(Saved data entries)
+ + + + + + +

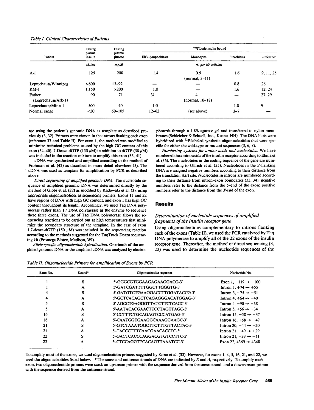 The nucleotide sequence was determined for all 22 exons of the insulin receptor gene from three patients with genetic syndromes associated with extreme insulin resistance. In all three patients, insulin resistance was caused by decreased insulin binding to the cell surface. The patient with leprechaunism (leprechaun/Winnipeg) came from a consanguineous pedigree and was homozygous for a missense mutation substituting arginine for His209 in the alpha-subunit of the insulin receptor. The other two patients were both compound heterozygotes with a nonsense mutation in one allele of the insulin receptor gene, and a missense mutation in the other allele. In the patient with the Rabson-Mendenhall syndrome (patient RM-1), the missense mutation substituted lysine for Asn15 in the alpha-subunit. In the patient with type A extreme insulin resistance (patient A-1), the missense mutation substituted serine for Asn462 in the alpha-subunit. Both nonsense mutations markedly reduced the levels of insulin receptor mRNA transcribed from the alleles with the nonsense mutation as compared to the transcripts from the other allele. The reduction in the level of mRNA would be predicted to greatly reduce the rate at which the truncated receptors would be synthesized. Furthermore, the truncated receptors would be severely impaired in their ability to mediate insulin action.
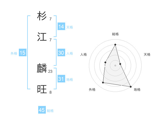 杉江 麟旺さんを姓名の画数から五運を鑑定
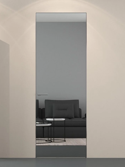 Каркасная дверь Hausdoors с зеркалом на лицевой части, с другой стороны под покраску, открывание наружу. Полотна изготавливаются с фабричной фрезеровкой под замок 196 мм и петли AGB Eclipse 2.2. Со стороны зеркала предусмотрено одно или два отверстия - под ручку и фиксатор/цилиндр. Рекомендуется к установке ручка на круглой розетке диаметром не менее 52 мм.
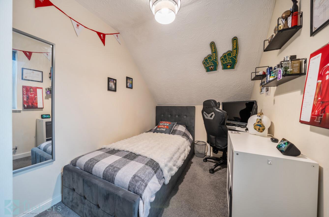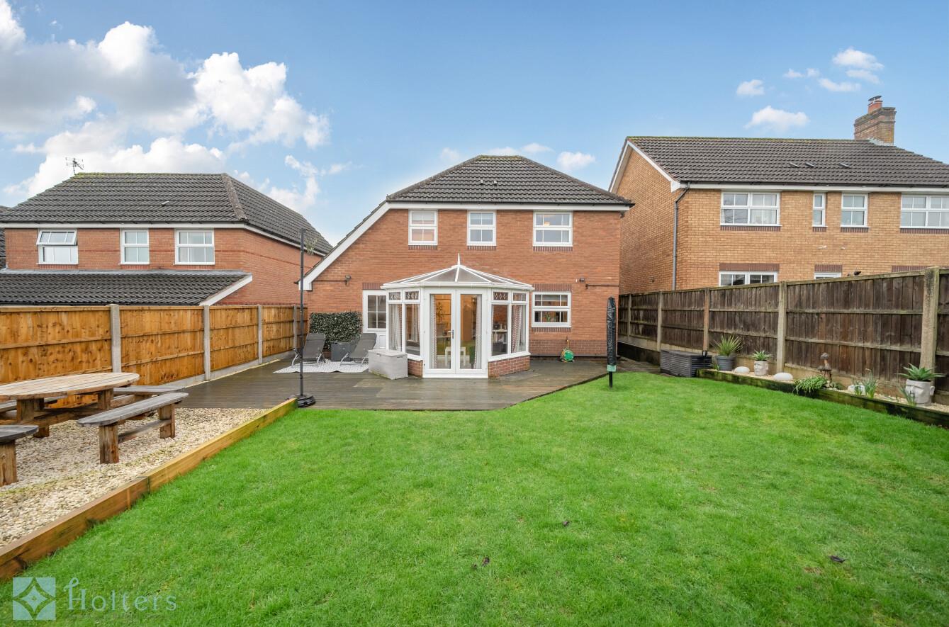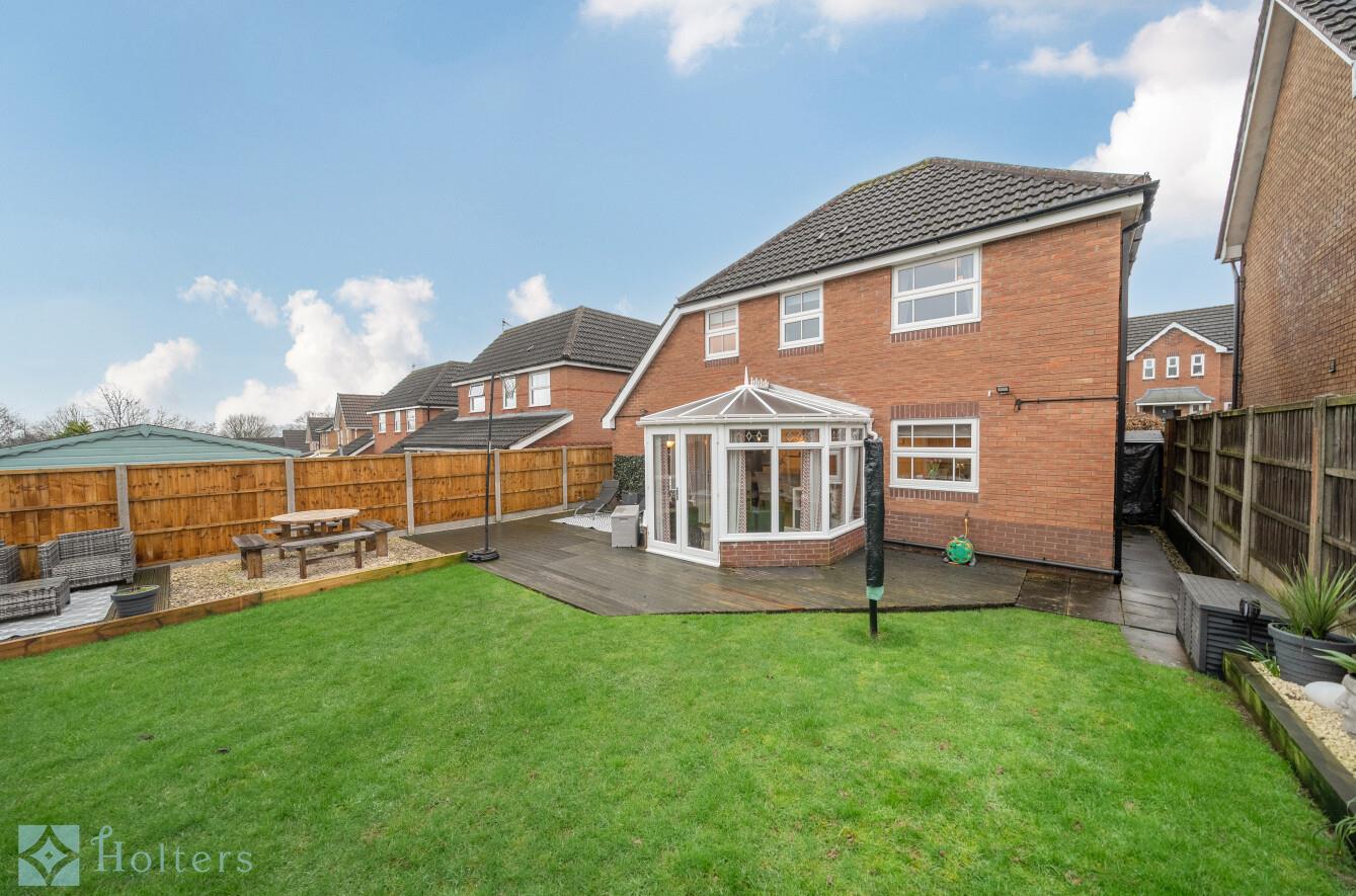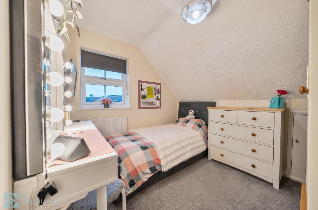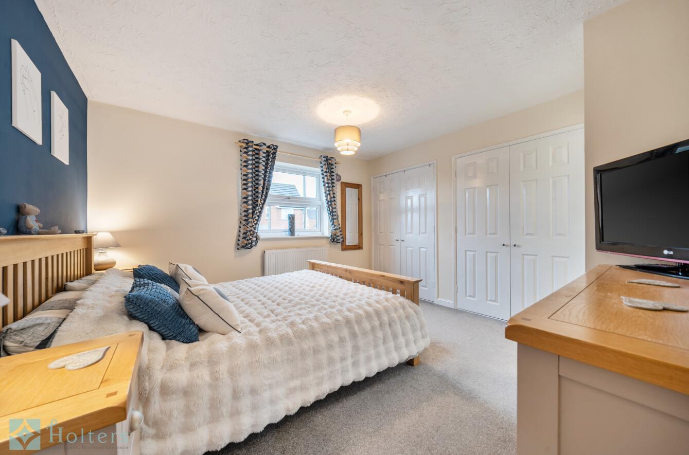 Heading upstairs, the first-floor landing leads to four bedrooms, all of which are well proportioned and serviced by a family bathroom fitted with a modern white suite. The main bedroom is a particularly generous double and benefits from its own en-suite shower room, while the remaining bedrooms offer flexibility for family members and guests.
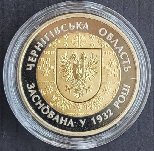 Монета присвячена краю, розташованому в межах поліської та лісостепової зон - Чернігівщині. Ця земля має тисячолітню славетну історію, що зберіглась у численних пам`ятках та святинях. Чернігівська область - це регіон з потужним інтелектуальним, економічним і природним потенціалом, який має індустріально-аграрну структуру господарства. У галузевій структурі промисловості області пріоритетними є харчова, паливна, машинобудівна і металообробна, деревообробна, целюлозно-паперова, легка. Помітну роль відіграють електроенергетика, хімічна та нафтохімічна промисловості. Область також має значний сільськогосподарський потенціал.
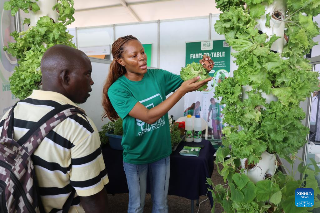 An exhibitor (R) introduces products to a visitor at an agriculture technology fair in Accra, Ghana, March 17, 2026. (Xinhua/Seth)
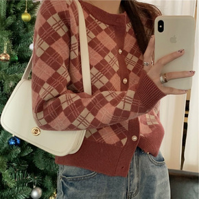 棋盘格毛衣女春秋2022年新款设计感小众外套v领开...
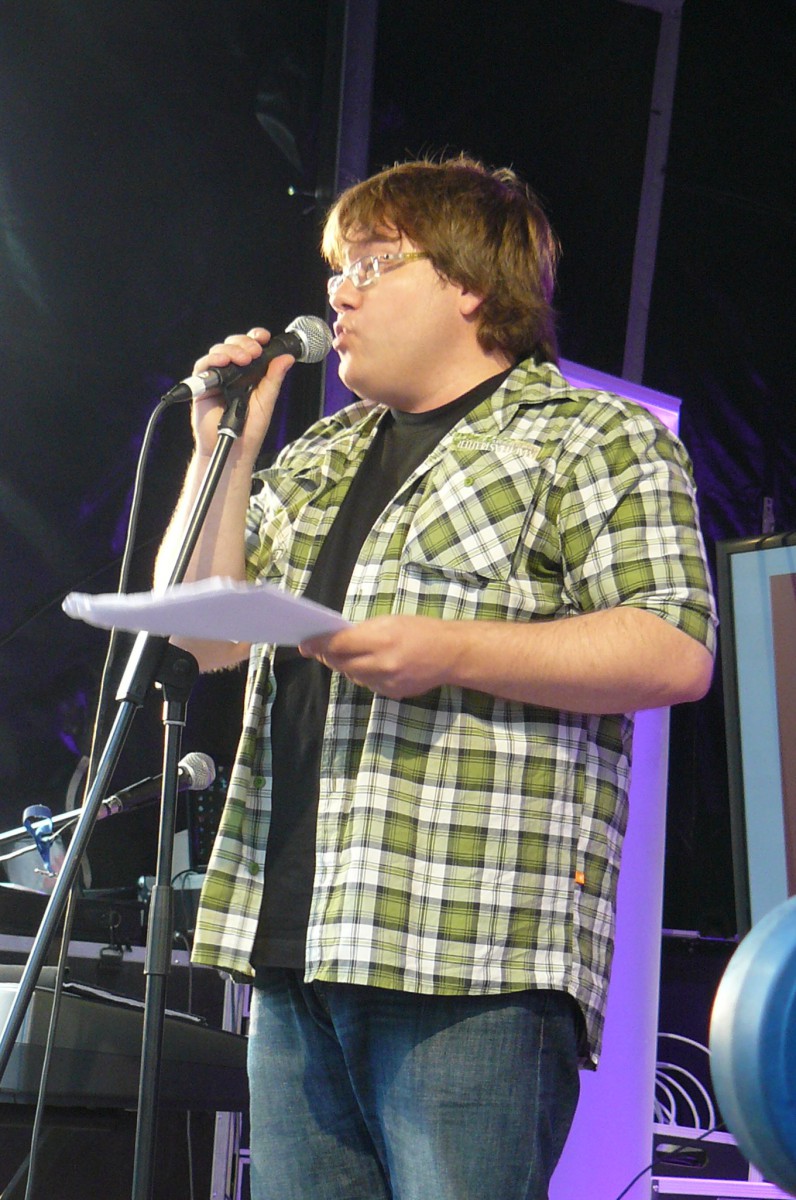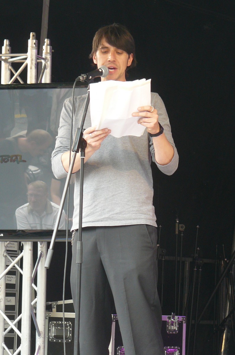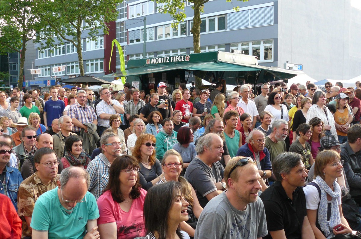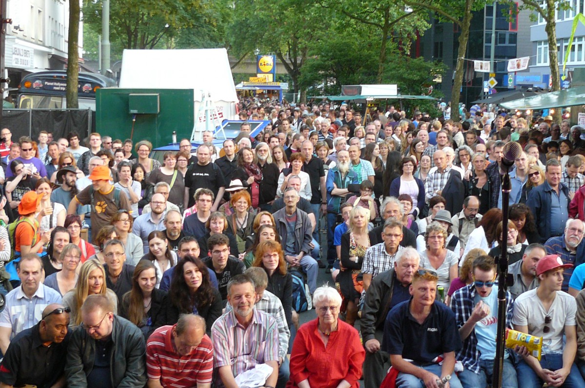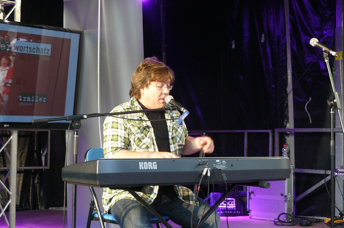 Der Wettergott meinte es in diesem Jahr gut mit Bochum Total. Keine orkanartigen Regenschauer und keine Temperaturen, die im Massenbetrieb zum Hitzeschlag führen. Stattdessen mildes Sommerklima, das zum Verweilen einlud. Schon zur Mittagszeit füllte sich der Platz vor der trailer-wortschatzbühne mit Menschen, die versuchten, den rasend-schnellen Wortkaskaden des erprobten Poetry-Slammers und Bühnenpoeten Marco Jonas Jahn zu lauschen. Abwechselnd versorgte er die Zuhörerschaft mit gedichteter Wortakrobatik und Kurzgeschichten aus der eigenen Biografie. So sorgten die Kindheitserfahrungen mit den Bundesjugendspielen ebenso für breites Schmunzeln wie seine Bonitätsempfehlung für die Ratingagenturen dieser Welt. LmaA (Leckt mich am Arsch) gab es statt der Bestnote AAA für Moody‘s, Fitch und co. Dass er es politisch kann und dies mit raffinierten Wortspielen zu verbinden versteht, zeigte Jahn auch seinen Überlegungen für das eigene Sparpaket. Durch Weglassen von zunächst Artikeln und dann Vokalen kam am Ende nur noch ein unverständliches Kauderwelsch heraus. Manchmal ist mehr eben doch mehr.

+ + + + + + +

■ **Problem to solve**
Leave the images aside and transcribe all entries exactly.

■ **Task output**
 The nucleotide sequence was determined for all 22 exons of the insulin receptor gene from three patients with genetic syndromes associated with extreme insulin resistance. In all three patients, insulin resistance was caused by decreased insulin binding to the cell surface. The patient with leprechaunism (leprechaun/Winnipeg) came from a consanguineous pedigree and was homozygous for a missense mutation substituting arginine for His209 in the alpha-subunit of the insulin receptor. The other two patients were both compound heterozygotes with a nonsense mutation in one allele of the insulin receptor gene, and a missense mutation in the other allele. In the patient with the Rabson-Mendenhall syndrome (patient RM-1), the missense mutation substituted lysine for Asn15 in the alpha-subunit. In the patient with type A extreme insulin resistance (patient A-1), the missense mutation substituted serine for Asn462 in the alpha-subunit. Both nonsense mutations markedly reduced the levels of insulin receptor mRNA transcribed from the alleles with the nonsense mutation as compared to the transcripts from the other allele. The reduction in the level of mRNA would be predicted to greatly reduce the rate at which the truncated receptors would be synthesized. Furthermore, the truncated receptors would be severely impaired in their ability to mediate insulin action.
 杉江 麟旺さんを姓名の画数から五運を鑑定
 Каркасная дверь Hausdoors с зеркалом на лицевой части, с другой стороны под покраску, открывание наружу. Полотна изготавливаются с фабричной фрезеровкой под замок 196 мм и петли AGB Eclipse 2.2. Со стороны зеркала предусмотрено одно или два отверстия - под ручку и фиксатор/цилиндр. Рекомендуется к установке ручка на круглой розетке диаметром не менее 52 мм.
 Heading upstairs, the first-floor landing leads to four bedrooms, all of which are well proportioned and serviced by a family bathroom fitted with a modern white suite. The main bedroom is a particularly generous double and benefits from its own en-suite shower room, while the remaining bedrooms offer flexibility for family members and guests.
 Монета присвячена краю, розташованому в межах поліської та лісостепової зон - Чернігівщині. Ця земля має тисячолітню славетну історію, що зберіглась у численних пам`ятках та святинях. Чернігівська область - це регіон з потужним інтелектуальним, економічним і природним потенціалом, який має індустріально-аграрну структуру господарства. У галузевій структурі промисловості області пріоритетними є харчова, паливна, машинобудівна і металообробна, деревообробна, целюлозно-паперова, легка. Помітну роль відіграють електроенергетика, хімічна та нафтохімічна промисловості. Область також має значний сільськогосподарський потенціал.
 An exhibitor (R) introduces products to a visitor at an agriculture technology fair in Accra, Ghana, March 17, 2026. (Xinhua/Seth)
 棋盘格毛衣女春秋2022年新款设计感小众外套v领开...
 Der Wettergott meinte es in diesem Jahr gut mit Bochum Total. Keine orkanartigen Regenschauer und keine Temperaturen, die im Massenbetrieb zum Hitzeschlag führen. Stattdessen mildes Sommerklima, das zum Verweilen einlud. Schon zur Mittagszeit füllte sich der Platz vor der trailer-wortschatzbühne mit Menschen, die versuchten, den rasend-schnellen Wortkaskaden des erprobten Poetry-Slammers und Bühnenpoeten Marco Jonas Jahn zu lauschen. Abwechselnd versorgte er die Zuhörerschaft mit gedichteter Wortakrobatik und Kurzgeschichten aus der eigenen Biografie. So sorgten die Kindheitserfahrungen mit den Bundesjugendspielen ebenso für breites Schmunzeln wie seine Bonitätsempfehlung für die Ratingagenturen dieser Welt. LmaA (Leckt mich am Arsch) gab es statt der Bestnote AAA für Moody‘s, Fitch und co. Dass er es politisch kann und dies mit raffinierten Wortspielen zu verbinden versteht, zeigte Jahn auch seinen Überlegungen für das eigene Sparpaket. Durch Weglassen von zunächst Artikeln und dann Vokalen kam am Ende nur noch ein unverständliches Kauderwelsch heraus. Manchmal ist mehr eben doch mehr.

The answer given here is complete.